Хорошо. В каких именно выражениях клеветали на меня клеветники?
Следует привести их показание, как показание настоящих обвинителей: Сократ преступает закон, тщетно испытуя то, что под землёю, и то, что в небесах, выдавая ложь за правду и других научая тому же. Вот в каком роде это обвинение.
Вы и сами видели в комедии Аристофана [12], как какой-то Сократ болтается там в корзинке, говоря, что он гуляет по воздуху, и несёт ещё много разного вздору, в котором я ничего не смыслю. Говорю я это не в укор подобной науке и тому, что достиг мудрости в подобных вещах (недоставало, чтобы Мелет обвинил меня ещё и в этом!), а только ведь это, о мужи-афиняне, нисколько меня не касается. А в свидетели этого призываю большинство из вас самих и требую, чтобы это дело обсудили между собою все те, кто когда-либо меня слышал; ведь из вас много таких. Спросите же друг у друга, слышал ли кто из вас когда-либо, чтобы я хоть сколько-нибудь рассуждал о подобных вещах, и тогда вы узнаете, что настолько же справедливо и все остальное, что обо мне говорят.

… что меня касается, то я и теперь, обходя разные места, выискиваю и допытываюсь по слову бога, не покажется ли мне кто-нибудь из граждан или чужеземцев мудрым, и, как только мне это не кажется, спешу поддержать бога и показываю этому человеку, что он не мудр. И благодаря этой работе не было у меня досуга сделать что-нибудь достойное упоминания ни для города, ни для домашнего дела, но через эту службу богу пребываю я в крайней бедности.
Кроме того, следующие за мною по собственному почину молодые люди, у которых всего больше досуга, сыновья самых богатых граждан, рады бывают послушать, как я испытываю людей, и часто подражают мне сами, принимаясь пытать других; ну и я полагаю, что они находят многое множество таких, которые думают, что они что-то знают, а на деле ничего не знают или знают одни пустяки. От этого те, кого они испытывают, сердятся не на самих себя, а на меня и говорят, что есть какой-то Сократ, негоднейший человек, который развращает молодых людей. А когда спросят их, что он делает и чему он учит, то они не знают, что сказать, но, чтобы скрыть своё затруднение, говорят то, что вообще принято говорить обо всех любителях мудрости: он-де занимается тем, что в небесах и под землёю, богов не признает, ложь выдаёт за истину. А сказать правду, думаю, им не очень-то хочется, потому что тогда оказалось бы, что они только делают вид, будто что-то знают, а на деле ничего не знают. Ну а так как они, думается мне, честолюбивы, могущественны и многочисленны и говорят обо мне согласно и убедительно, то и переполнили ваши уши, клевеща на меня издавна и громко. От этого обрушились на меня и Мелет, и Анит, и Ликон: Мелет, негодуя за поэтов, Анит - за ремесленников, а Ликон - за риторов. Так что я удивился бы, как говорил вначале, если бы оказался способным опровергнуть перед вами в столь малое время столь великую клевету. Вот вам, о мужи-афиняне, правда, как она есть, и говорю я вам без утайки, не умалчивая ни о важном, ни о пустяках.

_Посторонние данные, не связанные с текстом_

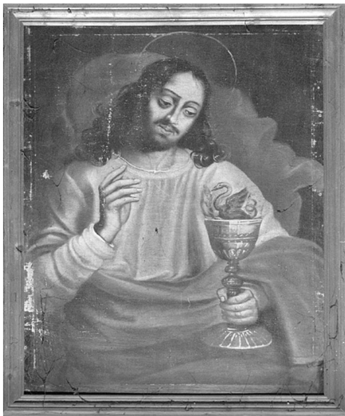
Saint Jean l'évangéliste.
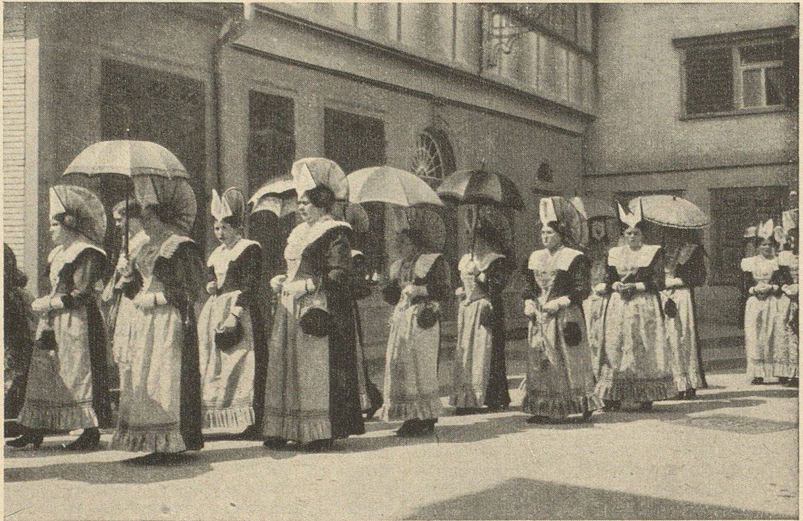
Appenzellerinnen in der Festtracht

wie der neue Glaube hat einen spürbaren Einfluß auf das Andersgeartetein der zweierlei Appenzeller ausgeübt. Vielleicht ist aber die Wurzel der Verschiedenheit tiefer und älter. In Innerrhoden setzte sich das Röto-romanische stärker durch und vermochte sich zäher zu erhalten. Man hat die Eigenart der beiden Appenzeller auf einen gemeinsamen Nenner zu bringen versucht:
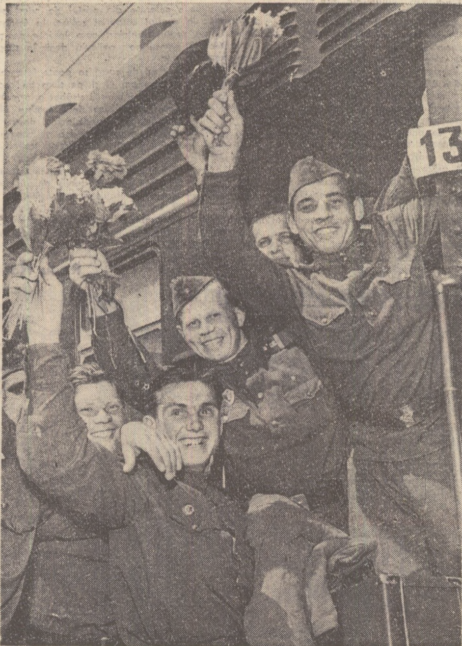
...Și ei vor construi combinatul metalurgic din Siberia apuseană...
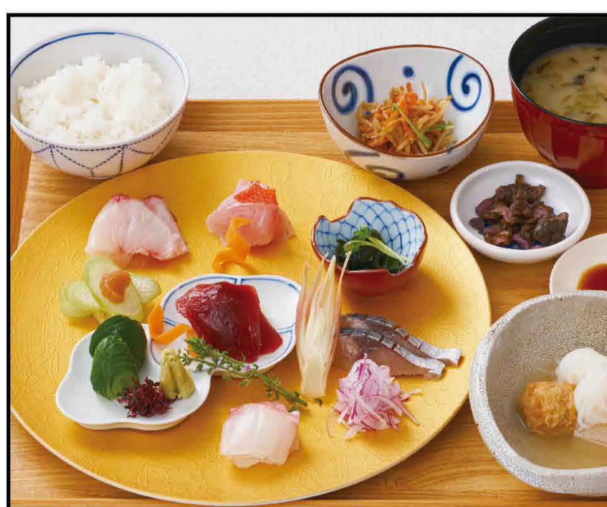
Choicest Assorted Fresh Sashimi Set Meal
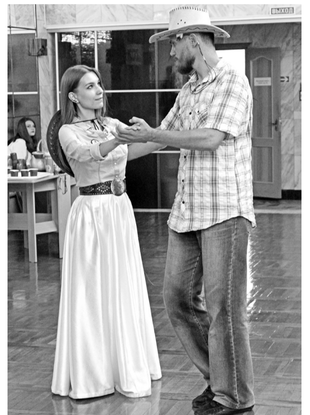
Бал на «Диком Западе»
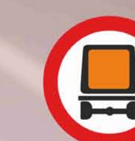
R - 108 Entrada prohibida a vehículos que transporten mercancías peligrosas
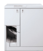
Encadernador de fita Xerox®
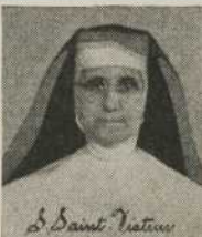
S. Saint Victoire

Итак, что касается первых моих обвинителей, этой моей защиты будет для вас достаточно; а теперь я постараюсь защищаться против Мелета, любящего, как он говорит, наш город, и против остальных обвинителей.

Сократ, говорят они, преступает закон тем, что развращает молодых людей, и богов, которых признает город, не признает, а признает другие, новые божественные знамения. Таково именно обвинение, рассмотрим же каждое слово этого обвинения отдельно.
Мелет говорит, что я преступаю закон, развращая молодых людей, а я, о мужи-афиняне, утверждаю, что преступает закон Мелет, потому что он шутит важными вещами и легкомысленно призывает людей на суд, делая вид, что он заботится и печалится о вещах, до которых ему никогда не было никакого дела; а что оно так, я постараюсь показать это и вам.

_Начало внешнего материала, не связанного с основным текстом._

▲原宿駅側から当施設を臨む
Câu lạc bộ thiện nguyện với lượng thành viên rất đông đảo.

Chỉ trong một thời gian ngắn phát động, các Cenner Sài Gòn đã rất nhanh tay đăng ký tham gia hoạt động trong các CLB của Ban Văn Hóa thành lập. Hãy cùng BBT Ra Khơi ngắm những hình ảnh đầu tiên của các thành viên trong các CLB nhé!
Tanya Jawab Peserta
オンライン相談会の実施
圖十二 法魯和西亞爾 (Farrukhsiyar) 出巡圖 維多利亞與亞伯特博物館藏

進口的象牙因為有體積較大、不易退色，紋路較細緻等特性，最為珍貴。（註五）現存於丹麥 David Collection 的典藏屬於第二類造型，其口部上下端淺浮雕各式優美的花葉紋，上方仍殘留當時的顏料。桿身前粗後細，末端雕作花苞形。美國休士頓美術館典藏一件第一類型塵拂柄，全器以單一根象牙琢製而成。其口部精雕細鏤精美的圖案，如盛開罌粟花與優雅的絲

… Мелет, ты достаточно показал, что никогда не заботился о юношах, и ясно обнаруживаешь своё равнодушие: тебе нет никакого дела до того самого, из-за чего ты привёл меня в суд.

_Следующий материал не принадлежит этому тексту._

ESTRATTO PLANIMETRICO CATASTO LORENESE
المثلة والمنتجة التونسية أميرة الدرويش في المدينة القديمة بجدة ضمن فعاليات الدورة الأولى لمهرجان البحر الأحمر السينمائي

А привёл ты меня сюда как человека, который портит и ухудшает юношей намеренно или ненамеренно?
Мелет: Который портит намеренно.
— Как же это так, Мелет? Ты, такой молодой, настолько мудрее меня, что тебе уже известно, что злые причиняют своим ближним какое-нибудь зло, а добрые - добро, а я, такой старый, до того невежествен, что не знаю даже, что если я кого-нибудь из близких сделаю негодным, то должен опасаться от него какого-нибудь зла, и вот такое-то великое зло я добровольно на себя навлекаю, как ты утверждаешь!
В этом я тебе не поверю, Мелет, да и никто другой, я думаю, не поверит. Но или я не порчу, или если порчу, то ненамеренно; таким образом, у тебя-то выходит ложь в обоих случаях. Если же я порчу ненамеренно, то за такие невольные проступки не следует по закону приводить сюда, а следует, обратившись частным образом, учить и наставлять; потому, ясное дело, что, уразумевши, я перестану делать то, что делаю ненамеренно. Ты же меня избегал и не хотел научить, а привёл меня сюда, куда по закону следует приводить тех, которые имеют нужду в наказании, а не в научении.

Итак, ты (Мелет) утверждаешь, что божественные знамения я признаю и научаю других признавать - новые или старые все равно, только уж самые-то божественные знамения признаю, как ты говоришь, и ты подтвердил это клятвою; а если я признаю божественные знамения, то мне уже никак невозможно не признавать гениев. Разве не так? Конечно, так. Принимаю, что ты согласен, если не отвечаешь.
А не считаем ли мы гениев или богами, или детьми богов? Да или нет?
Мелет: Конечно, считаем.
- Итак, если гениев я признаю, как ты утверждаешь, а гении суть своего рода боги, то оно и выходит так, как я сказал, что ты шутишь и предлагаешь загадку, утверждая, что я не признаю богов и в то же время, что я признаю богов, потому что гениев-то я, по крайней мере, признаю. А с другой стороны, если гении вроде как побочные дети богов, от нимф или каких-то ещё существ, как это и принято думать, то какой же человек, признавая божьих детей, не будет признавать богов? Это было бы так же нелепо, как если бы кто-нибудь признавал, что существуют мулы - лошадиные и ослиные дети, а что существуют лошади и ослы, не признавал бы. Нет, Мелет, не может быть, чтобы ты подал это обвинение иначе, как желая испытать нас, или же ты недоумевал, в каком бы настоящем преступлении обвинить меня. А чтобы ты мог убедить кого-нибудь, у кого есть хоть немного ума, что один и тот же человек может и признавать и демоническое, и божественное и в то же время не признавать ни демонов, ни богов, это никоим образом невозможно.
Впрочем, о мужи-афиняне, что я невиновен в том, в чем меня обвиняет Мелет, это, мне кажется, не требует дальнейших доказательств, довольно бует и сказанного.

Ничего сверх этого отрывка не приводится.